La musica è anche un incredibile filo conduttore tra le persone, le collega senza bisogno di contatti, senza parole: proprio in quel periodo, preparando l’esame di didattica della musica, ho appreso che i neonati di pochi giorni sono in grado di riconosce le melodie che le mamme gli hanno fatto ascoltare poche settimane prima del parto, perché sono rimaste impresse nelle loro menti. La musica allora è diventata un filo conduttore tra due personaggi del racconto, capace di portare a galla i ricordi celati nei cassetti più remoti dell’inconscio della protagonista.

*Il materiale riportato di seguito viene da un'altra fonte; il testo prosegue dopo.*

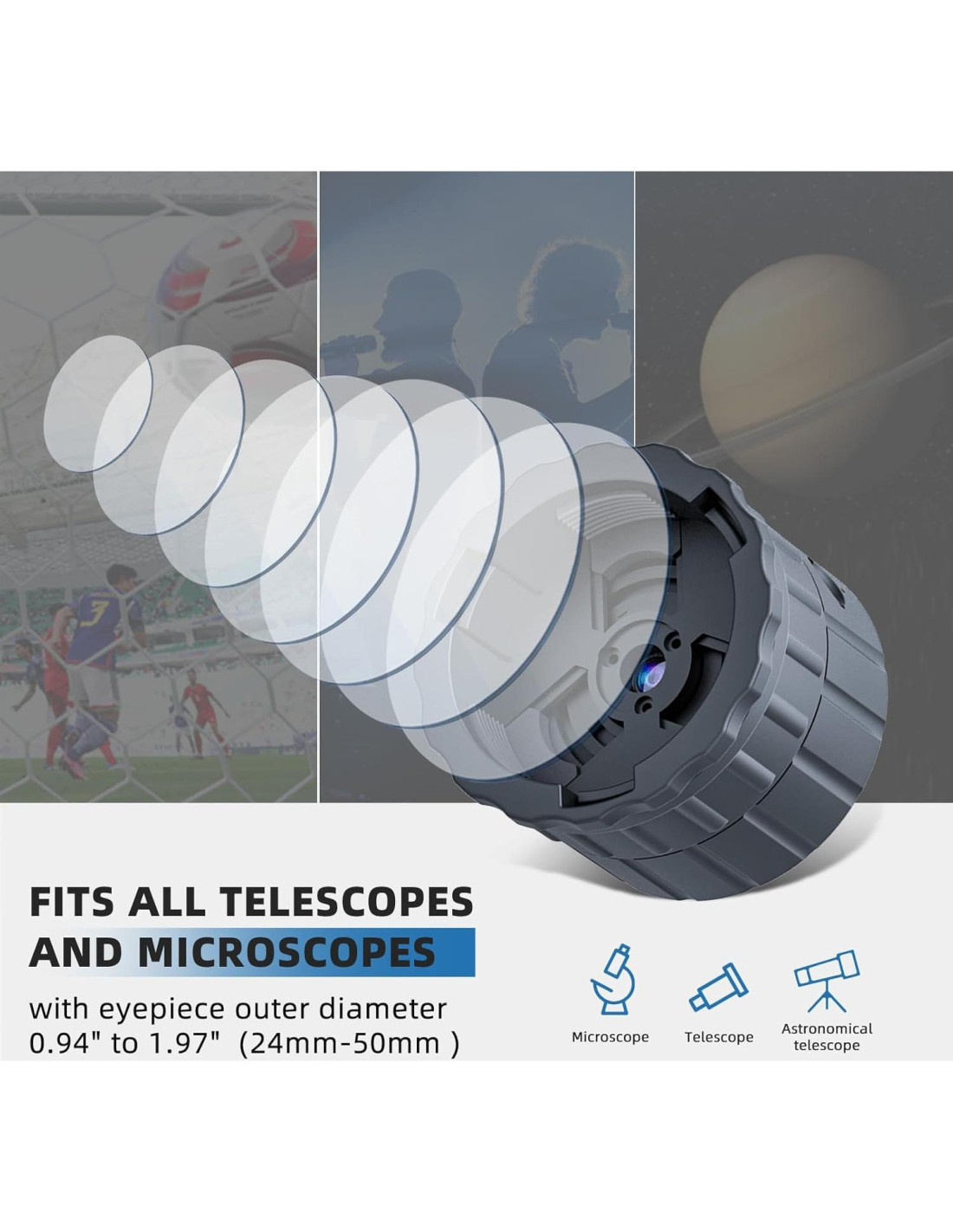- Compatibilidad Versátil: Esta cámara se conecta sin esfuerzo a telescopios ópticos y microscopios con tamaños de ocular que van de 24mm a 50mm. Transforma instantáneamente tu equipo en una cámara de alta calidad, lista para capturar fotos y videos impresionantes del mundo que te rodea.
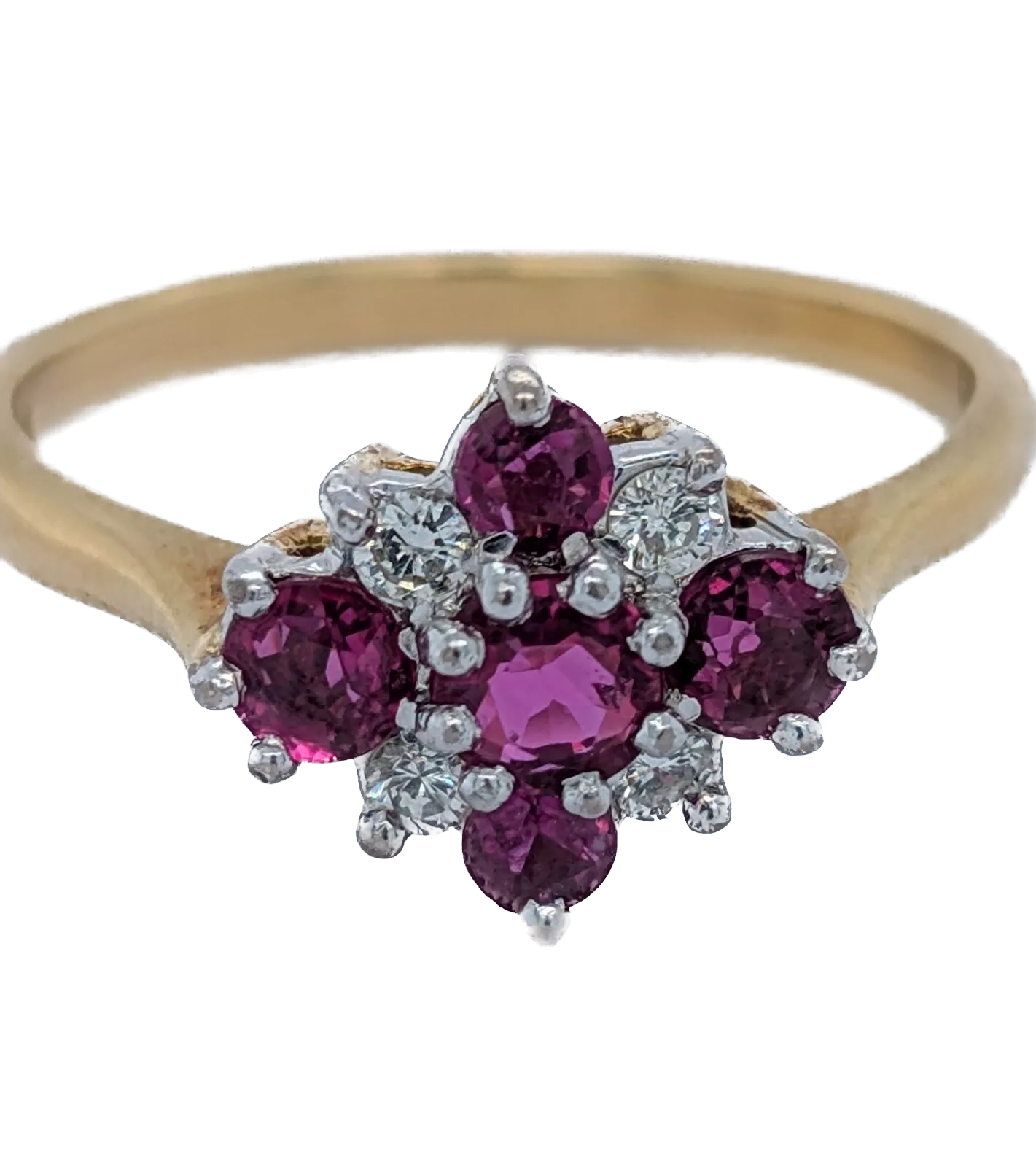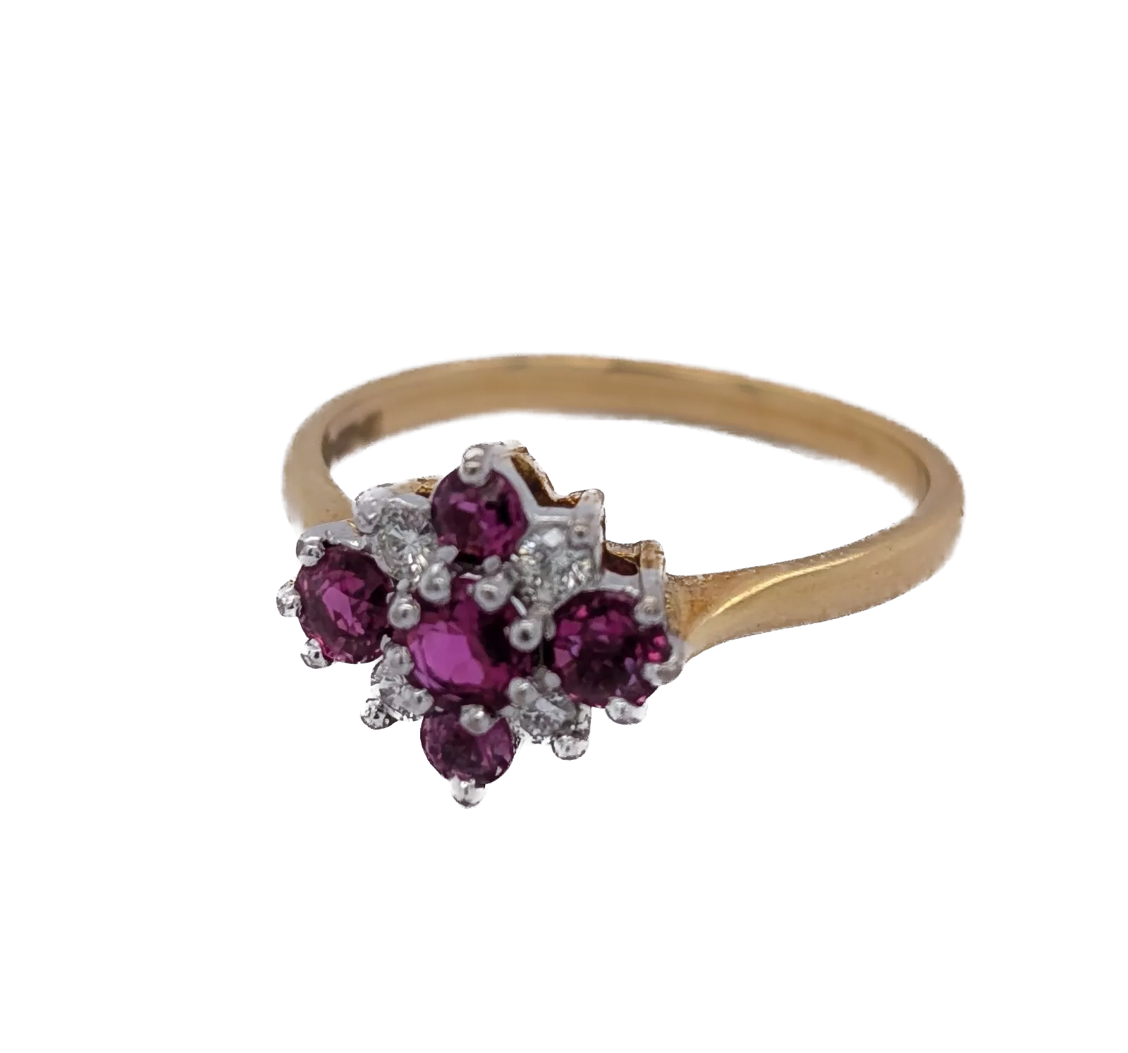 Indulge in timeless beauty with this exquisite ruby and diamond cluster ring, featuring five vibrant rubies and four dazzling diamonds set in an elegant design.
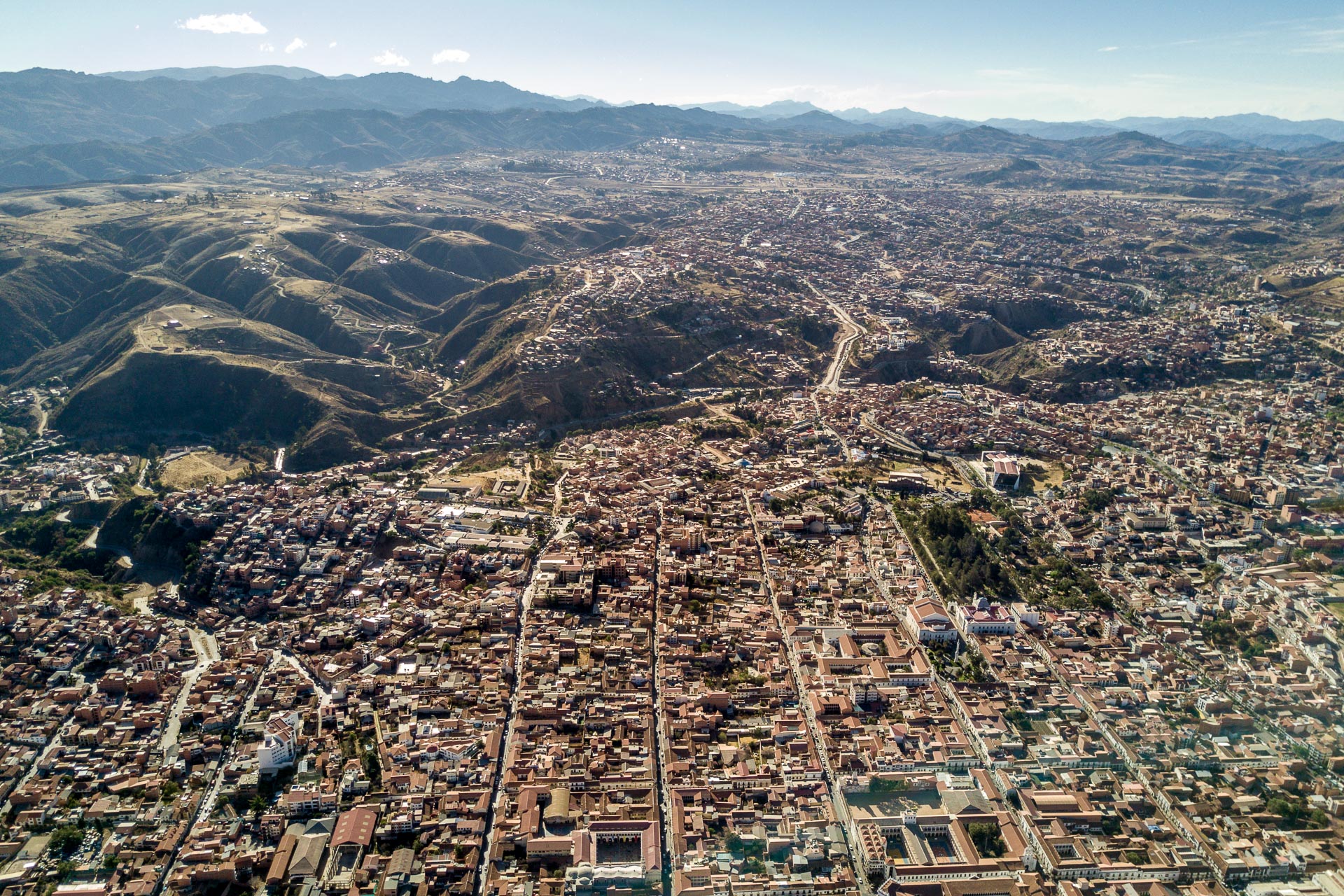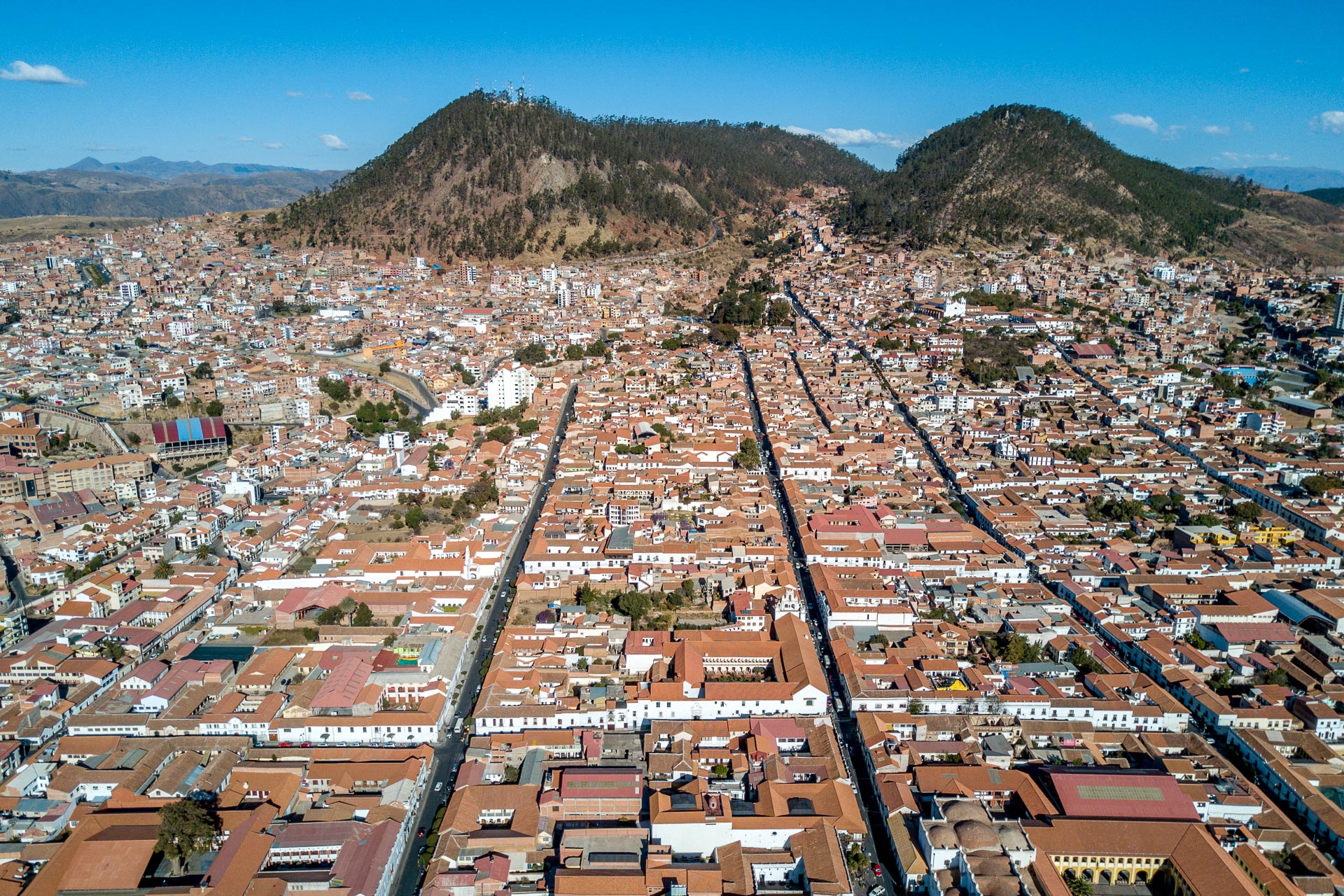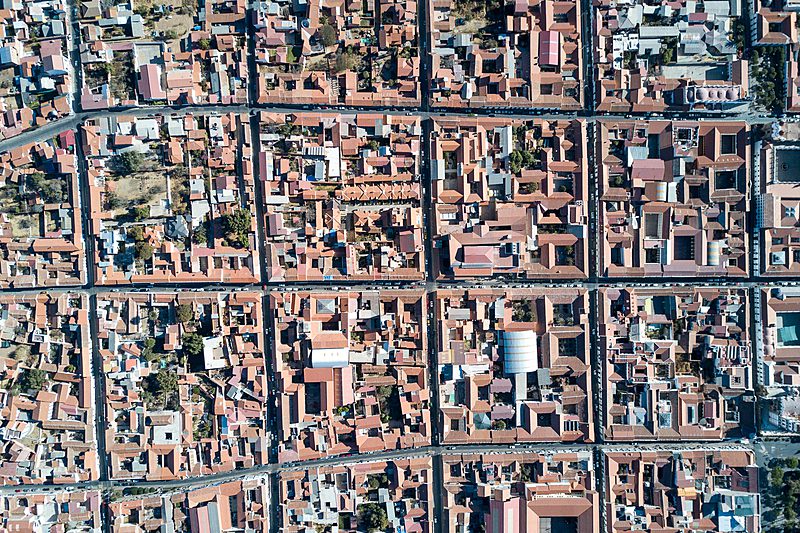 Aus der Luft kann man das typische Schabrettmuster der Kolonialstädte ganz gut erkennen.

Parliamo del concetto di salvezza, che è presente in maniera rilevante nel tuo romanzo. Cosa vuol dire salvarsi all’interno della storia? Ma soprattutto, in che modo ci si salva? Da cosa ci si salva?

La salvezza è qualcosa di estremamente soggettivo, c’è chi per salvarsi cerca di uscire da una brutta situazione e chi ci si butta a capofitto. La salvezza è quello che crediamo possa farci stare bene, anche se non è mai uguale per tutti e molto spesso muta nel corso del tempo. In questa storia ho voluto sottolineare proprio quest’ultimo aspetto: inizialmente per Eiko la salvezza è uscire dalla “nera città”, ma poi, attraverso il linguaggio dei suoni, si trasforma nella ricerca delle sue radici, diventa la ricerca della donna preludio della sua esistenza; perché è impossibile iniziare il cammino nel mondo se non si sa da dove tutto ha avuto inizio.  Così nel racconto la salvezza diventa un’indagine sulla verità dei rapporti, sull’importanza dell’amore in una famiglia e sulla sua incredibile capacità di modificare il carattere di una persona irrimediabilmente. Diventa un imparare ad amare anche quando non si è ricevuto amore fin dalla prima infanzia e da salvezza diventa battaglia per acchiapparla, per raggiungerla.

Il tuo romanzo è stato pubblicato dopo che tu hai vinto un concorso letterario, quindi il tuo è uno di quei casi in cui si viene pubblicati per merito; sei stata scelta tra una platea di concorrenti. Perché hai deciso di rendere pubblica questa storia?

Eiko e la sua storia sono le prime ad essere state stampate ma non sono il mio unico personaggio e la mia sola storia scritta in questi anni. “Ladra di suoni” è nata con gli intenti che accomunano tutti i miei scritti: come ho detto il primo motivo per cui si scrive è salvare se stessi, però, con il tempo, mi sono chiesta se quello che scrivevo avrebbe potuto salvare qualcun altro. Ho pensato di dover provare perché tante volte l’inchiostro sulle pagine di un libro mi ha trasmesso un messaggio, spesso mi ha dato un insegnamento per andare avanti nel cammino della vita, ha illuminato come un faro l’oceano scuro e tormentato di alcune parti della mia esistenza. Ho pubblicato il libro e ringrazio L’Occhio di Horus per avermelo permesso, con la finalità di lasciare un messaggio capace di accompagnare qualcuno lungo la strada, capace di far riflettere. Vorrei potesse essere leggero e delicato come un soffio di vento che, accarezzando, ci lascia qualcosa senza che ce ne rendiamo conto.